» Brief: Repeat the listing exactly. Any picture in it should be left out of the copy.

» Data segment:
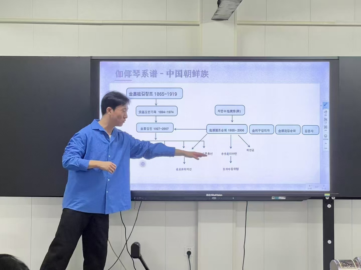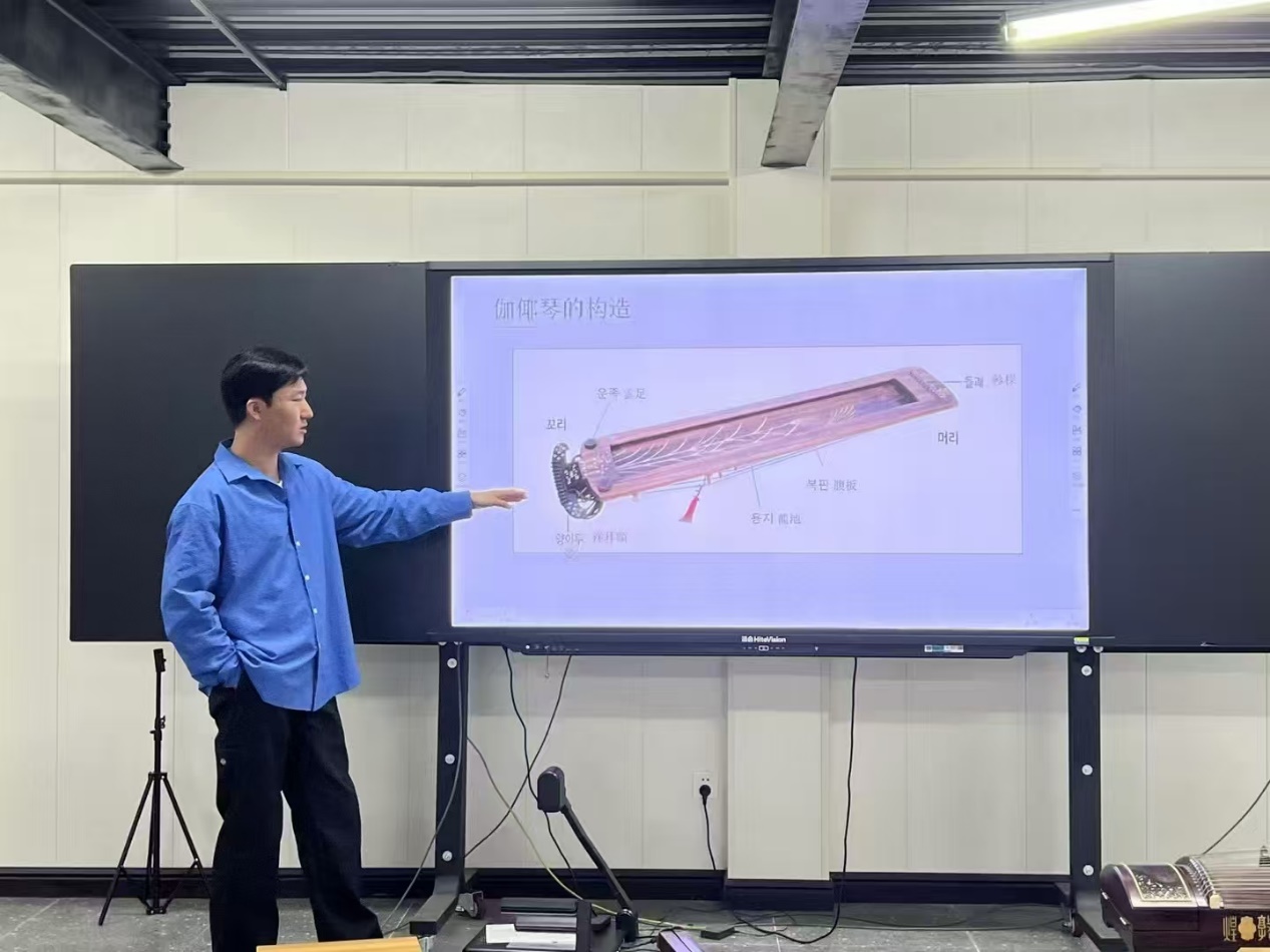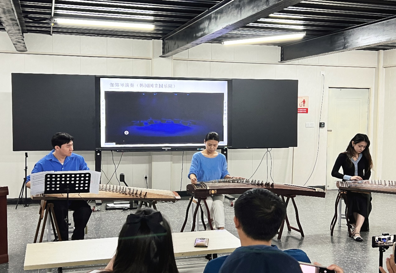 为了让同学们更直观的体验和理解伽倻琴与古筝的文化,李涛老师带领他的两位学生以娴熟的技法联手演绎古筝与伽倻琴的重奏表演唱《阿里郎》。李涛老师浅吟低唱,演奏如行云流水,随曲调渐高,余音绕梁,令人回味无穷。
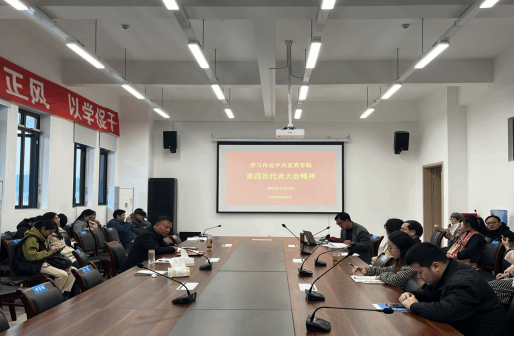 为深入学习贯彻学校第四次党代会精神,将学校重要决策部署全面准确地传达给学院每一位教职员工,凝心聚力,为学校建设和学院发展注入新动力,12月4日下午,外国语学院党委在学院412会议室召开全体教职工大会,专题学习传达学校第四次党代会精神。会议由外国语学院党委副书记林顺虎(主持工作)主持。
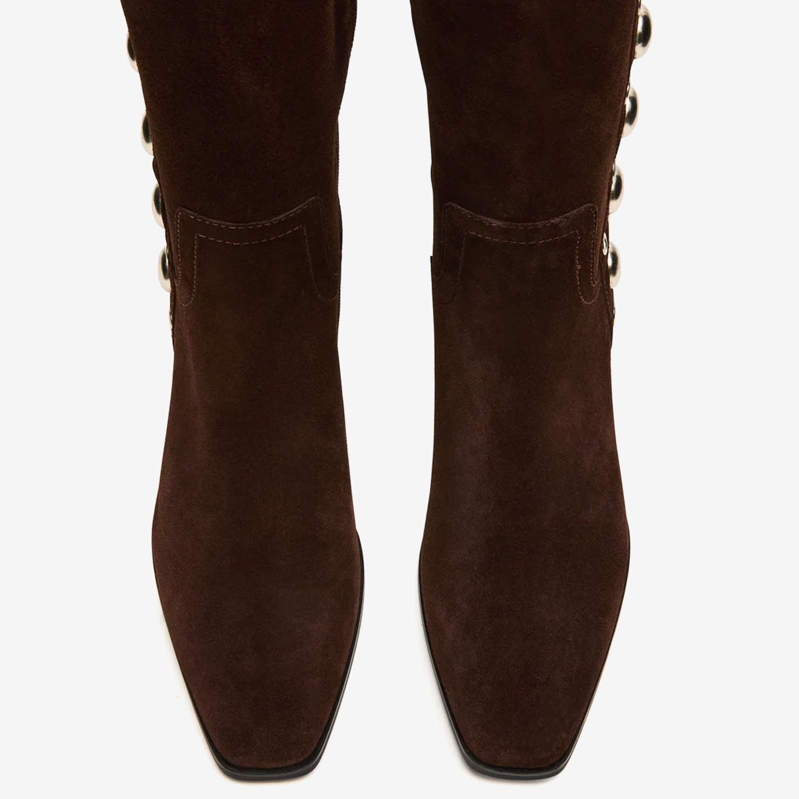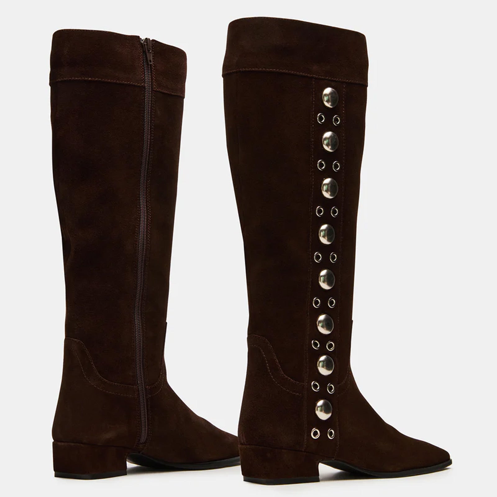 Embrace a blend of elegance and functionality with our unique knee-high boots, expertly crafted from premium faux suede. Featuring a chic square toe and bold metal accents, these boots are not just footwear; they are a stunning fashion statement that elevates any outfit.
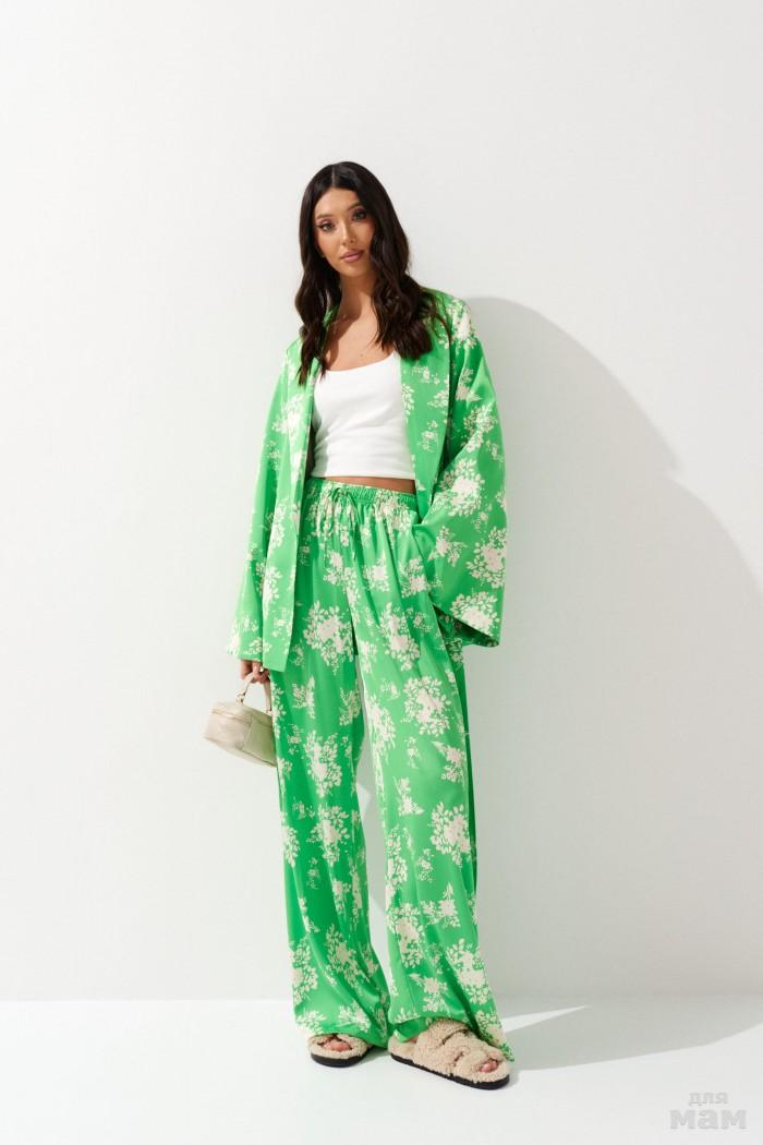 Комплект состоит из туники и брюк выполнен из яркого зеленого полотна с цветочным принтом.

» Task solution:
 为了让同学们更直观的体验和理解伽倻琴与古筝的文化,李涛老师带领他的两位学生以娴熟的技法联手演绎古筝与伽倻琴的重奏表演唱《阿里郎》。李涛老师浅吟低唱,演奏如行云流水,随曲调渐高,余音绕梁,令人回味无穷。
 为深入学习贯彻学校第四次党代会精神,将学校重要决策部署全面准确地传达给学院每一位教职员工,凝心聚力,为学校建设和学院发展注入新动力,12月4日下午,外国语学院党委在学院412会议室召开全体教职工大会,专题学习传达学校第四次党代会精神。会议由外国语学院党委副书记林顺虎(主持工作)主持。
 Embrace a blend of elegance and functionality with our unique knee-high boots, expertly crafted from premium faux suede. Featuring a chic square toe and bold metal accents, these boots are not just footwear; they are a stunning fashion statement that elevates any outfit.
 Комплект состоит из туники и брюк выполнен из яркого зеленого полотна с цветочным принтом.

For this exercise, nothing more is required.